2002 Denver Annual Meeting (October 27-30, 2002)

Paper No. 10
Presentation Time: 8:00 AM-12:00 PM


KABAN, Mikhail1, ARTEMIEVA, Irina2, SCHWINTZER, Peter1 and MOONEY, Walter D.3, (1)GeoForschungsZentrum, Potsdam, Germany, (2)EOST, Strasbourg, France, (3)U.S. Geol Survey, 345 Middlefield Rd. MS 977, Menlo Park, CA 94025, kaban@gfz-potsdam.de

We use gravity, thermal and seismic data to determine density of the continental roots and to estimate the effect of temperature and compositional variations in producing upper mantle density anomalies. Our analysis is based on the residual ‘mantle’ gravity and topography obtained by subtracting the effect of the crust from the observed values.
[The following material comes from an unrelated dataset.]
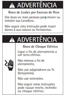 ADVERTÊNCIA: Para evitar risco de incêndio, choque elétrico ou ferimentos, quando usar sua Lavadora, observe as precauções relacionadas abaixo: • Siga rigorosamente as instruções de instalação para garantir a segurança de toda a família. • Leia todas as instruções antes de começar a usar a Lavadora. • A Lavadora foi desenvolvida exclusivamente para o uso doméstico. • Não é permitido o manuseio da Lavadora por crianças e pessoas não-capacitadas, sendo necessária a atenção do responsável sempre que existirem crianças por perto, durante a instalação e quando o produto estiver em funcionamento • Não instale ou guarde a Lavadora em local sujeito a chuvas ou ao mau tempo. • Não repare ou troque qualquer parte de sua Lavadora e nem faça nenhum reparo que não seja explicitamente recomendado neste manual. Para manutenção, entre em contato com a Rede de Serviços Consul. • Observe atentamente as instruções de instalação, principalmente, quanto à voltagem de alimentação e ao aterramento. • Nunca conecte ou desconecte o plugue com as mãos molhadas, para evitar uma descarga elétrica. • Para desconectar sua Lavadora, nunca puxe o cabo de força pelo cabo, apenas pelo plugue, para não danificá-lo.

We found that in situ lithospheric density differs notably between individual cratons, with the most dense lithosphere beneath Eurasia and the least dense - beneath South Africa. We calculate the effect of temperature in producing lithospheric density anomalies under cratons using temperature constrains based on interpretation of the heat flow data. We found that differences in the thermal regime of the lithosphere between the cratons are compensated only for about 40% by compositional differences. This shows that there is not a simple compensation of thermal and compositional effects. One possible explanation of this phenomena may be suggested if we assume different stratification of temperatures and densities with depth: the uppermost part of the lithosphere is less dense due to a domination of the compositional effects and vice versa for the lower part. Finally we determine density variations under cratons that are due to differences in lithospheric composition. On the average the subcrustal density under the cratons found to be 50 kg/m3 (1.3%) less than under the ocean in the same T-P conditions and its variations are small between the cratons, typically within ±10 kg/m3.